# Not Sure What I've Bought!?



## Bareges (Aug 18, 2005)

Evening all Vostok afficionados,

I've just discovered that I won a bid on the B** and, assuming it arrives, going to receive soon another Vostok form a Michele Cucc.... in Bari (I have discovered that he has his own site and I think is a mod on Wa***U***k) any way this is his piccy and words:



> Russian watch VOSTOK AMPHIBIA, made in the late '80s in the Chistopol Watch Factory, one of the biggest factories of watches in Soviet Union and official supplier of the Red Army since 1942. This watch has a big and solid stainless steel case (diameter 39 mm), impressive waterproof crown caseback and crown that makes it water-resistant to 200M. Differently from the current versions, this one has a luminous dot on the rotating bezel and an antimagnetic shield between caseback and movement. The movement is the solid caliber 2409A , 24 mm, hand-wound with 17 jewels, antishock balance wheel, and it works well.
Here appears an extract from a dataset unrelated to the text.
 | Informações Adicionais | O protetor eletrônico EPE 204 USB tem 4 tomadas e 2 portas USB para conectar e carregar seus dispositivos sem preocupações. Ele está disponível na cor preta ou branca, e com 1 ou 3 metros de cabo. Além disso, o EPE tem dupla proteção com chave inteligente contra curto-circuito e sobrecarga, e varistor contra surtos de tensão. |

I have taken your (collective) advice and ordered "Russian Wristwatches" - not here yet.

Would be grateful for any opinions/comments.
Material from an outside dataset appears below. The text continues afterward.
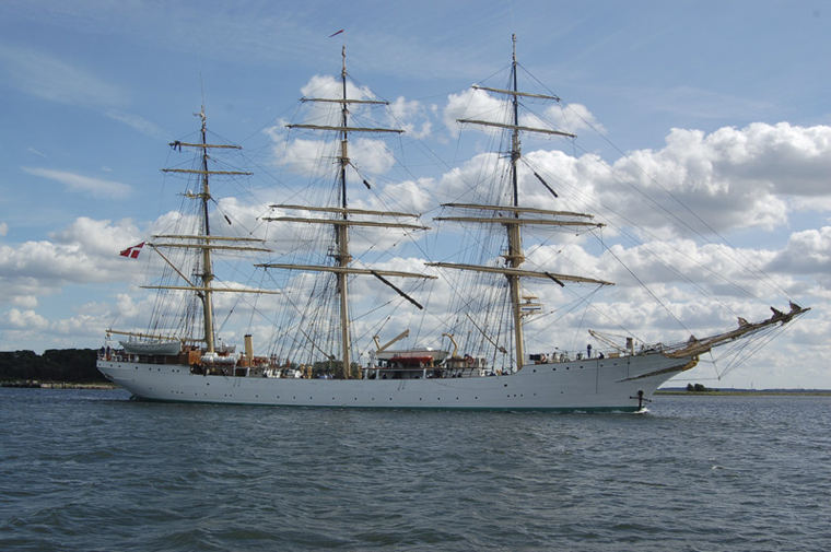 The Trainingship Danmark is entering Odense harbour, Denmark

When the book arrives I can do my own research.......!


----------



## mach 0.0013137 (Jan 10, 2005)

Nice one Bareges









I`ve got the same watch but with a different dial...
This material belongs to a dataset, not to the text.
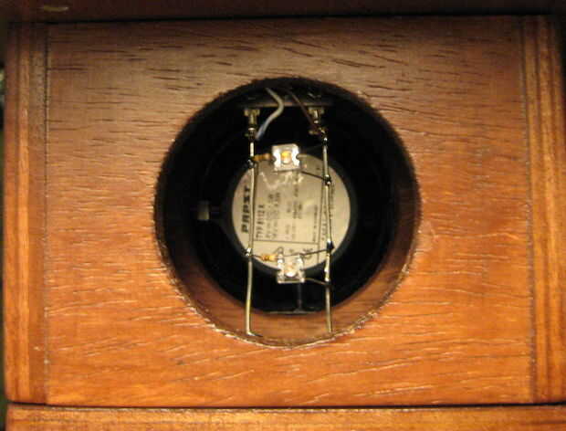 Dos leds rojos ultrabrillantes de "Piraña" se utilizan para proyectar la luz roja en la llama de tela.  Mejor es una tela ligera como la seda. No tener seda, usé a algunos poliéster ligero. Un fan de CC de 12 voltios solo hace que la corriente de aire.

*Vostok Amphibia, 17 Jewel 2414A c1980`s*










I`d really like to get one with a dial like yours


----------



## psychlist (Feb 28, 2005)

And I have the same watch with a different bezel! A similar watch appears on one of the Russian watch collector's websites.


----------



## Bareges (Aug 18, 2005)

Thank you Mac..................I like the black bezel psychlist, looks very good







.

I hadn't realised that they made so many variations on the same theme..............hopefully I'll understand more about all this when "the book" arrives.

Charles


----------



## mach 0.0013137 (Jan 10, 2005)

Bareges said:


> Thank you Mac..................I like the black bezel psychlist, looks very good
> 
> 
> 
> ...


The book is good, but not exhaustive, the Russian watch manufacturers have been _very_ prolific over the years


----------



## Xantiagib (Apr 22, 2005)

Michele is one of the good guys so you shouldn't have any problems whatsoever.

(If you do let me know)

He has collected so many that he is finally coming to terms with the literally 100s that he has and is selling some off. God help him when he gets a wife...


----------



## Bareges (Aug 18, 2005)

Xantiagib,

Thank you for your reassurance and offer of help, if required.

As a complete beginner in the whole arena of watches and e**y it is comforting to hear that I am dealing with one of the "good" guys.........................The first attempts at bidding have produced, without a hitch so far, watches from the Ukraine and Lithuania!! Only small beer while I learn the ropes!!


----------